::: RECORDS FOR THIS TASK :::

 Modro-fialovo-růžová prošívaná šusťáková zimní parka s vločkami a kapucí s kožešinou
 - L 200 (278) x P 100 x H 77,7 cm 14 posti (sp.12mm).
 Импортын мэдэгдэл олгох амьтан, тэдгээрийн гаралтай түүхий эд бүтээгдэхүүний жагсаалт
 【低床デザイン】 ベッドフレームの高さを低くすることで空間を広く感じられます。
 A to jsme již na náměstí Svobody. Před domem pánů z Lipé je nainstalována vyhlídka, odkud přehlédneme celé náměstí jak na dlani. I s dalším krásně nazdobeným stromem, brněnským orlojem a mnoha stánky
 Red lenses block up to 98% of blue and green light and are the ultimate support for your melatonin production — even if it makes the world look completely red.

:::
::: RECORDS FOR THIS TASK :::

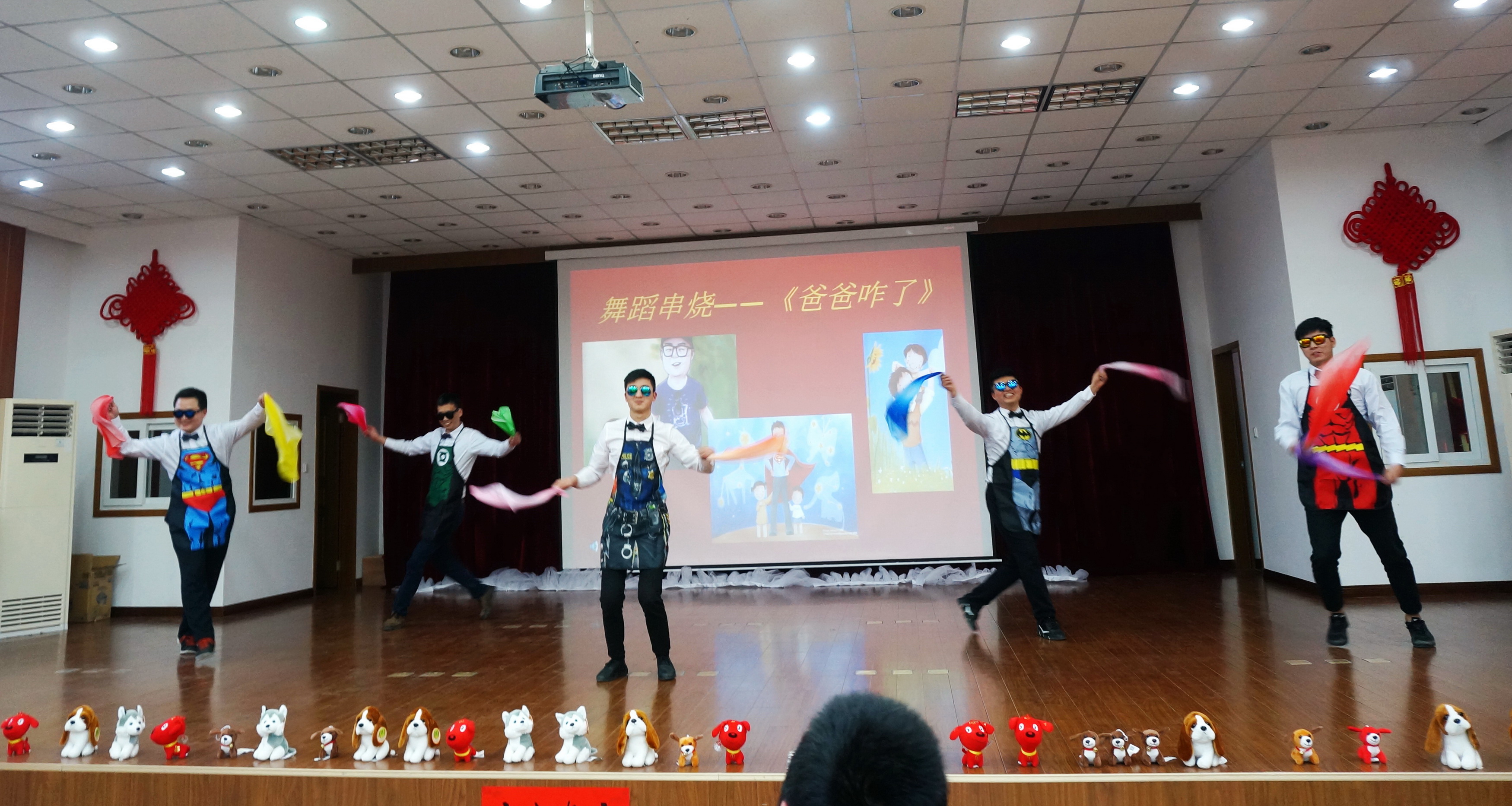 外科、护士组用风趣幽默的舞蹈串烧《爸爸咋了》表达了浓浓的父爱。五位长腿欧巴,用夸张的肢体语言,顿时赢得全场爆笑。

:::

WHAT YOU SHOULD DO:
Wherever the line holding "- L 200 (278)" falls in the entries above, copy exactly from it through the line holding "Red lenses block", inclusive, and add nothing.

ANSWER TO THIS EXERCISE:
 - L 200 (278) x P 100 x H 77,7 cm 14 posti (sp.12mm).
 Импортын мэдэгдэл олгох амьтан, тэдгээрийн гаралтай түүхий эд бүтээгдэхүүний жагсаалт
 【低床デザイン】 ベッドフレームの高さを低くすることで空間を広く感じられます。
 A to jsme již na náměstí Svobody. Před domem pánů z Lipé je nainstalována vyhlídka, odkud přehlédneme celé náměstí jak na dlani. I s dalším krásně nazdobeným stromem, brněnským orlojem a mnoha stánky
 Red lenses block up to 98% of blue and green light and are the ultimate support for your melatonin production — even if it makes the world look completely red.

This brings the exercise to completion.